Dataset extract
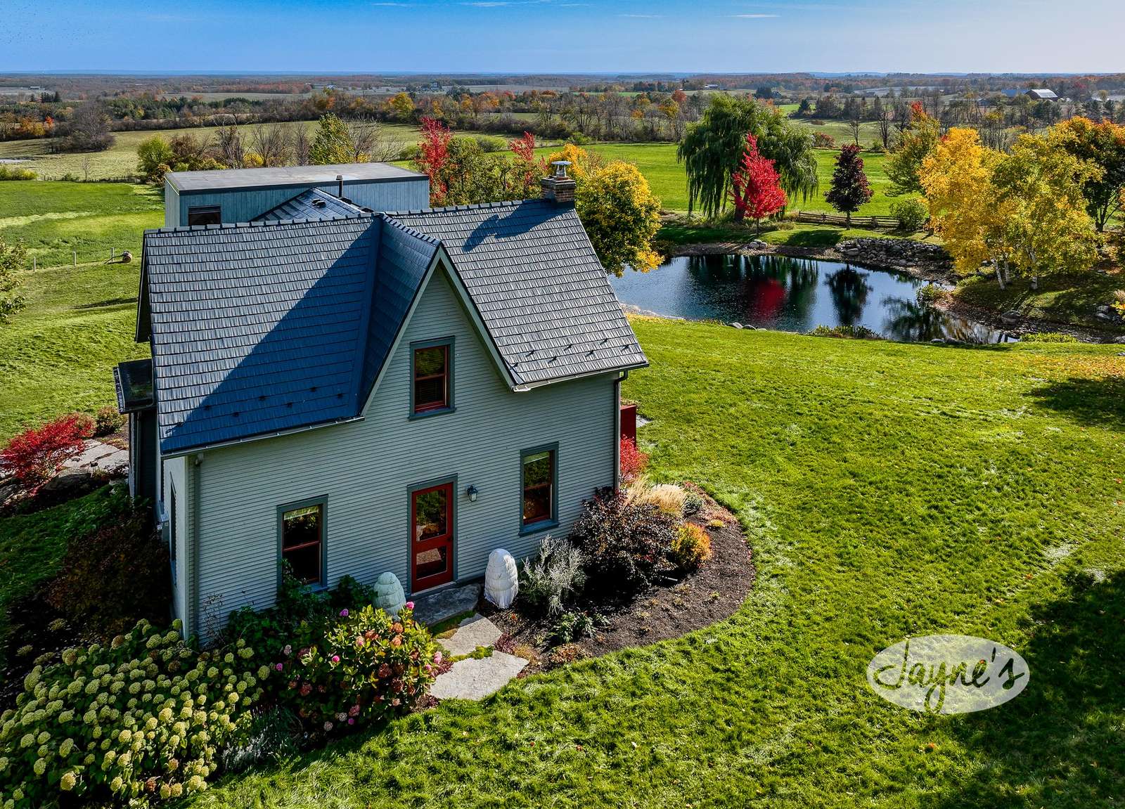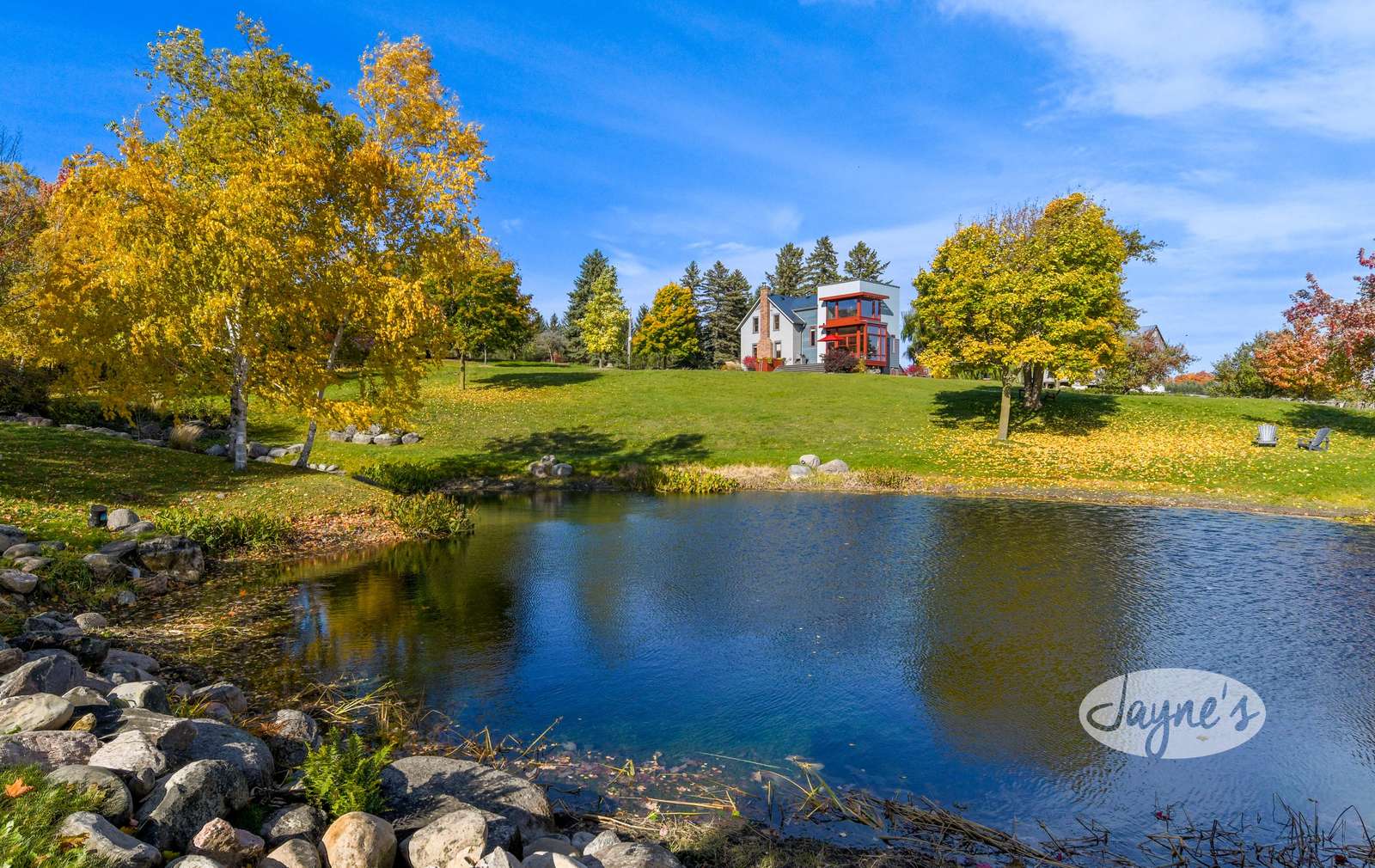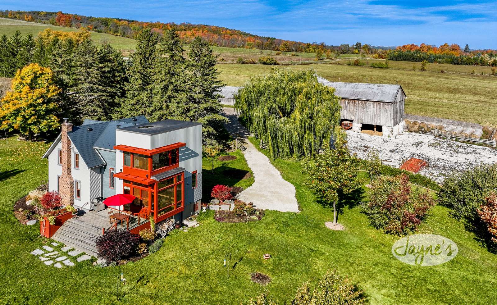 This charming and unique winter retreat rests on 25 acres of rolling hills and scenic ridges sheltered on one side by mature maples and spruce. Be ready to be captivated by this renovated century old farmhouse with a glass and wood addition designed to bring the spectacular outside in and it does just that. The home is completely private from the road and neighbours. Driving down the driveway one first comes upon a barn, followed by a turn at which point the home is suddenly in view. A welcoming deck with glass railings allows for an unobstructed expansive south and east view of the rolling country side and large pond.
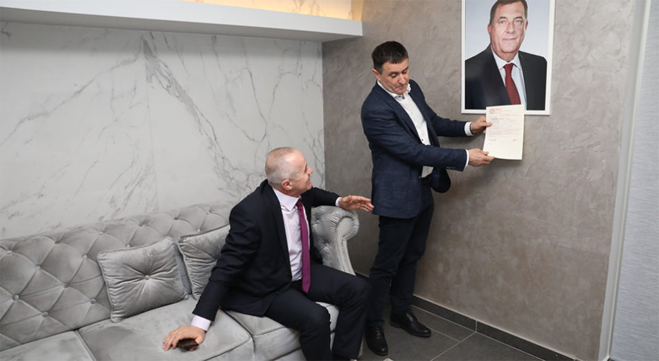 On se sa predsjednikom SNSD-a Banja Luka Vladom Đajićem slikao ispod slike Milorada Dodika.
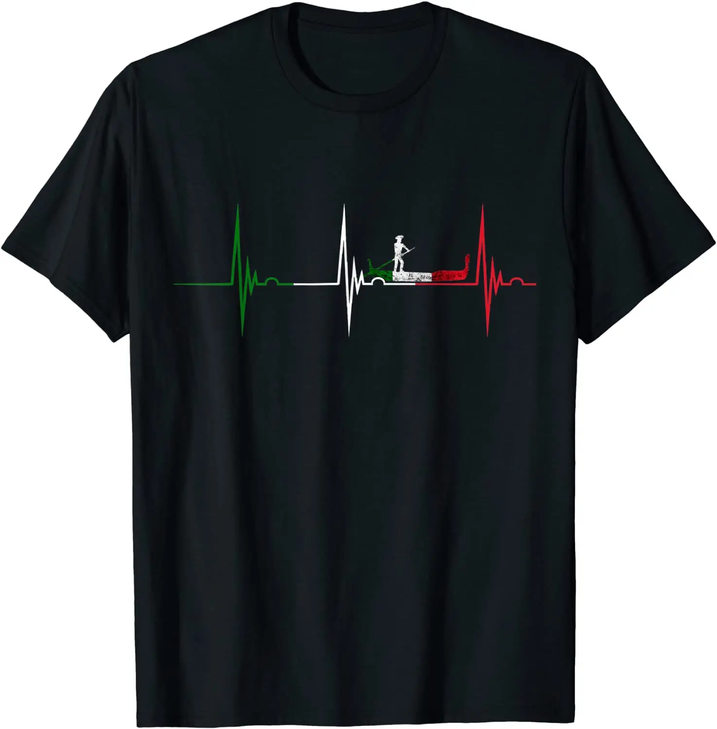 Итальянская Венеция Gondolas сердцебиение ЭКГ Пульс итальянская поездка Футболка мужская футболка
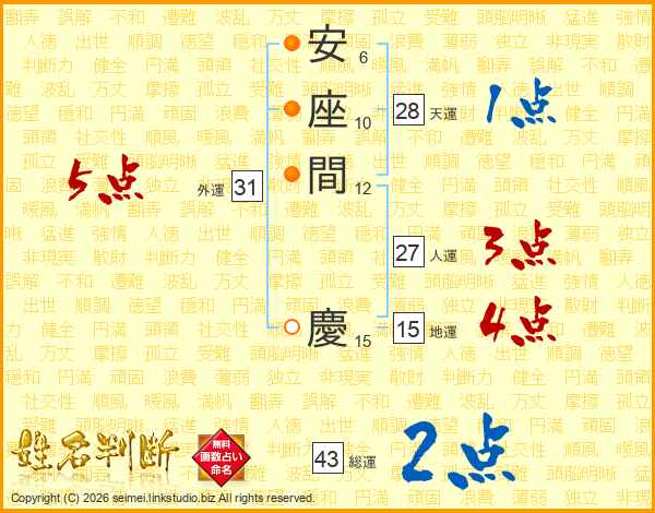 生活面を象徴する運勢です。外部から受ける影響力を表し、結婚運、家庭運や職場、環境への順応性を表します。総運から人運を引いた画数。姓や名が1文字の場合を除く。

Work to complete
Once the line with "Итальянская Венеция Gondolas" is found, write out that line and every later line of the listing above exactly, through the last one, and skip any pictures.

Response to this task
 Итальянская Венеция Gondolas сердцебиение ЭКГ Пульс итальянская поездка Футболка мужская футболка
 生活面を象徴する運勢です。外部から受ける影響力を表し、結婚運、家庭運や職場、環境への順応性を表します。総運から人運を引いた画数。姓や名が1文字の場合を除く。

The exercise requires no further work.